What's a cluster?#
A computing cluster is a federation of multiple compute nodes (independent computers), most commonly linked together through a high-performance interconnect network.
What makes it a "super-computer" is the ability for a program to address resources (such as memory, CPU cores) located in different compute nodes, through the high-performance interconnect network.
On a computing cluster, users typically connect to login nodes, using a secure remote login protocol such as SSH. Unlike in traditional interactive environments, users then need to prepare compute jobs to submit to a resource scheduler. Based on a set of rules and limits, the scheduler will then try to match the jobs' resource requirements with available resources such as CPUs, memory or computing accelerators such as GPUs. It will then execute the user defined tasks on the selected resources, and generate output files in one of the different storage locations available on the cluster, for the user to review and analyze.

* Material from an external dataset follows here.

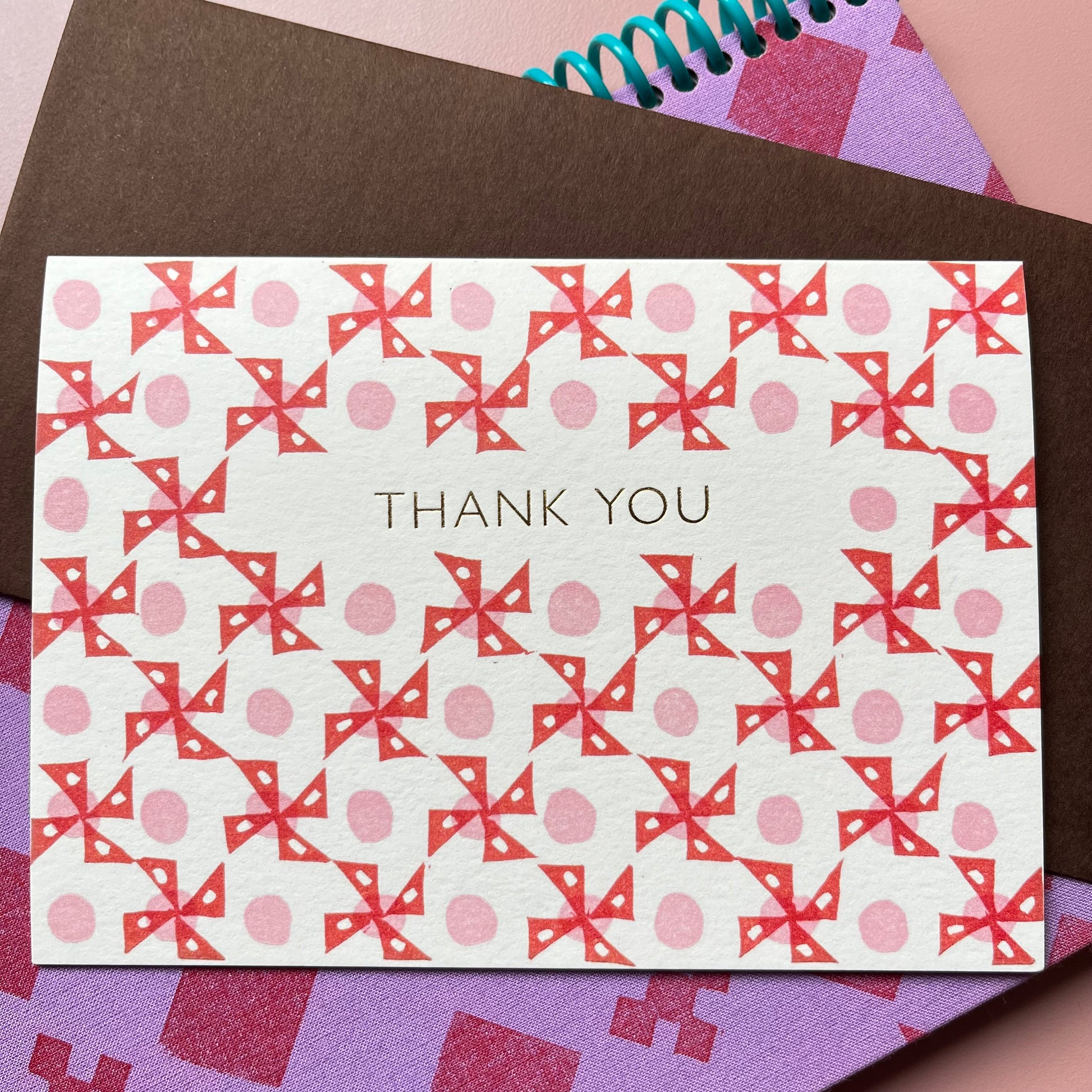 Thank You Windmill Pattern Card in Brown and Pink

The terms that are typically used to describe cluster components could be confusing, so in an effort to clarify things, here's a schema of the most important ones, and their definition.
- A Central Processing Unit (CPU), or core, or CPU core, is the smallest unit in a microprocessor that can carry out computational tasks, that is, run programs. Modern processors typically have multiple cores.
- A socket is the connector that houses the microprocessor. By extension, it represents the physical package of a processor, that typically contains multiple cores.
- A node is a physical, stand-alone computer, that can handle computing tasks and run jobs. It's connected to other compute nodes via a fast network interconnect, and contains CPUs, memory and devices managed by an operating system.
- A cluster is the complete collection of nodes with networking and file storage facilities. It's usually a group of independent computers connected via a fast network interconnect, managed by a resource manager, which acts as a large parallel computer.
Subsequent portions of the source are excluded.